The ECB has for the past twelve years been seeking a mechanism to challenge the dominance of Visa and Mastercard in the European payments landscape. Interchange fee caps have brought a measure of control, but calls for banks to set up a rival third scheme to take on the might of the global giants and promote increased competition have so far fallen on deaf ears.
In a presentation at the American European Community Association in Brussels, ECB board member Yves Mersch lamented the bloc's failure to implement a true Singe Euro Payment Area (Sepa) for cards.
"Cardholders cannot use their national payment cards to make payments across Europe unless they go through a global card payment scheme that can execute such intra-European payments," he notes.

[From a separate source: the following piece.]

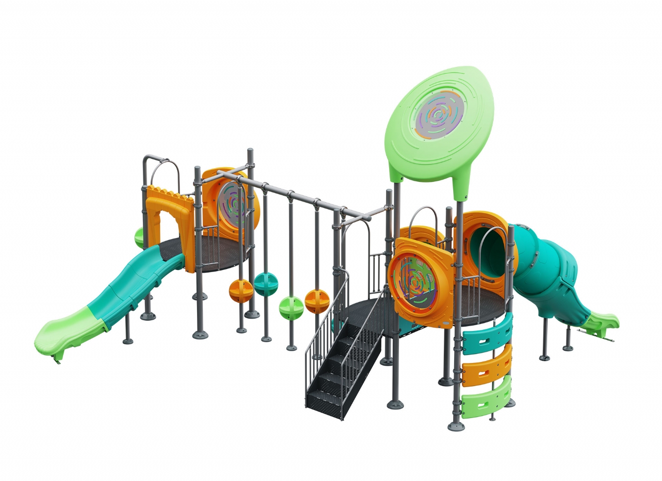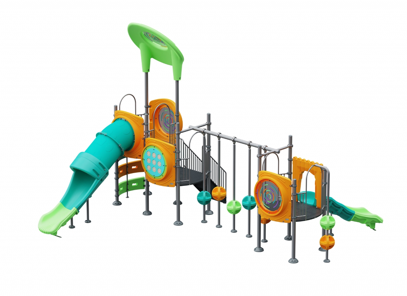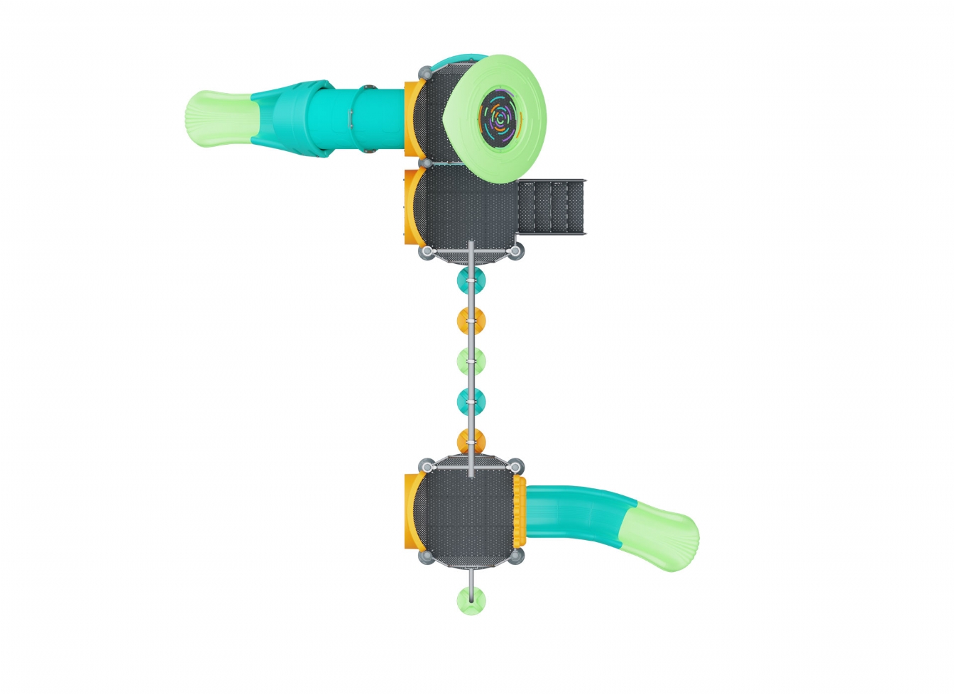 Lekställning Marula i metallprofil, polykarbonat och marinplywood för offentlig miljö.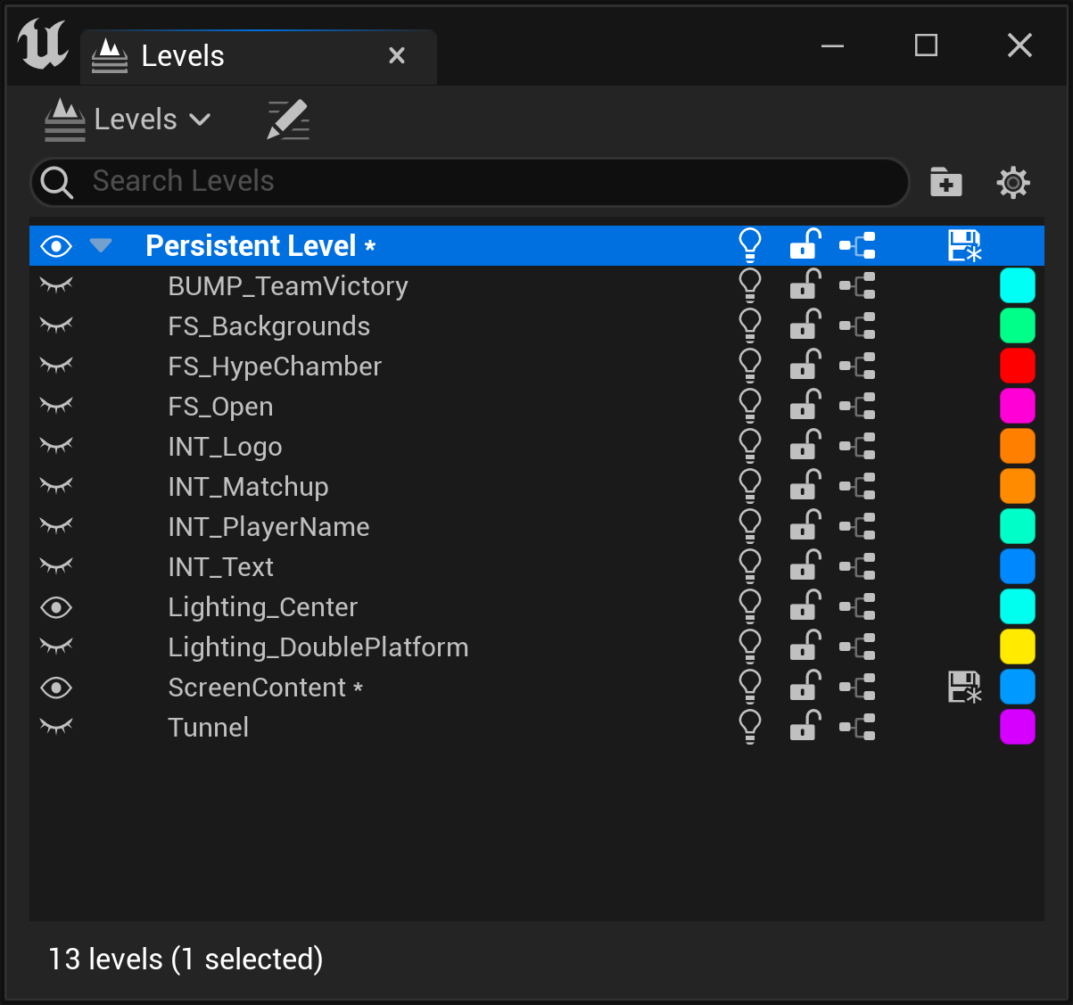 The Streaming Levels show a list of the streaming levels that are shown when the scene loader executes.

In this respect, the arrival of instant payments across the continent could be a game changer.
"The industry sees the implementation of a European infrastructure for instant payments as an opportunity to instantly clear and settle card transactions, which would offer a possible way of supporting the interlinking and interoperability of national card schemes," he says. "Efforts to ensure the interoperability of schemes should be strengthened and should aim to foster a European identity, for example by using a common European logo to show users that their cards can be used across the EU."
A more radical supposition entails the extension of instant payments to the point-of-sale, bypassing traditional card schemes altogether.
"For merchants, instant payments at the POI (point of interaction) could be a cost-efficient alternative to cards," says Mersch. "Such solutions are currently emerging across Europe. It is important to ensure that they have pan-European reach so that end users can make and receive payments without restriction across national borders"
To this end, the Euro Retail Payments Board - set up by the ECB to help foster the development of an integrated market - has established a working group to analyse in detail the barriers to pan-European reach and usability and ways to overcome them.